The problem with clicking virtual buttons in the air is that’s not really something that humans do…
Xiao agreed, emphasizing that WorldKit is able to promote instinctual, unforced interaction by relying on physical objects. “One of the advantages of WorldKit is that all the interactions are out in the world, so you are interacting with something very real and very tangible,” Xiao said. “People are much more willing, much more able, to interact with it in a fluid and natural way.” In this case, perhaps touching – rather than seeing – means believing.
A ray of light: looking into the future
Like true academics, Xiao and Harrison agreed on one of the future applications they would most like to see from WorldKit in the days to come: “A digital whiteboard,” they chimed simultaneously. Why? Unlike a traditional board, a digital whiteboard would allow computerized collaboration in real-time.
Indeed, Xiao and Harrison are no strangers to collaboration – they strongly encourage crowdsourcing of their new technology. Instead of wanting to protect and commercialize WorldKit at this point, they would rather see it developed to its full potential. They are in the process of releasing WorldKit’s source code, and after attending the CHI 2013 Conference on Human Factors in Computing Systems, the “premier international conference on human-computer interaction” held in Paris last April, they’re hoping to get some of the 3,600 other attendees and researchers tinkering with the system soon.
“We’re primarily engineers,” Harrison said. “There are a lot of designers and application builders out there that I’m sure are going to have crazy awesome ideas of what to do with this, [and] just the two of us cannot possibly explore that entire space.”

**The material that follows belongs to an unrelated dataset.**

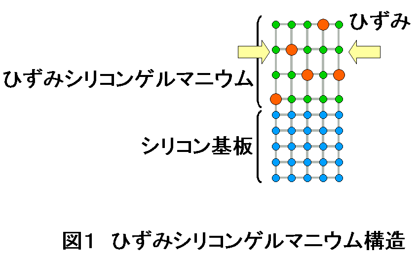 - シリコンより原子サイズの大きいゲルマニウムを含むシリコンゲルマニウムの薄膜をシリコン基板上に成長させますと、シリコンゲルマニウムの結晶が無理にシリコン基板の格子定数に合うように圧縮され、ひずみを持ちます。このひずみをもつシリコンゲルマニウムのことをひずみシリコンゲルマニウムと呼びます。

Even now, researchers in other fields have already started applying WorldKit in ways Xiao and Harrison might never have anticipated. Harrison and Xiao are actually collaborating on a study at the moment with the Human Engineering Research Labs over in Pittsburgh. “They’re primarily concerned with people with cognitive disabilities,” Xiao said. “These are people who may need extra instructions for doing things.”
In the study, cognitively disabled participants are asked to follow a recipe to cook a dish. To help them, WorldKit projects descriptions of the necessary ingredients onto the kitchen table, such as three tomatoes or a cup of water, and doesn’t move on to the next step of the recipe until all the ingredients are physically in place on the table. Essentially, Xiao argued, WorldKit can act as a kind of prosthetic to help the cognitively disabled navigate through daily tasks in their environment.
Ultimately, whether we’re talking about an interactive whiteboard or a digital cooking assistant, the goal of WorldKit is the same: using embedded computing to make the interactions between people and computers as seamless, natural, and effortless as possible. Once that happens – once we are actually able to take advantage of computing everywhere without ever touching a computer – all of our lives have the potential to get better.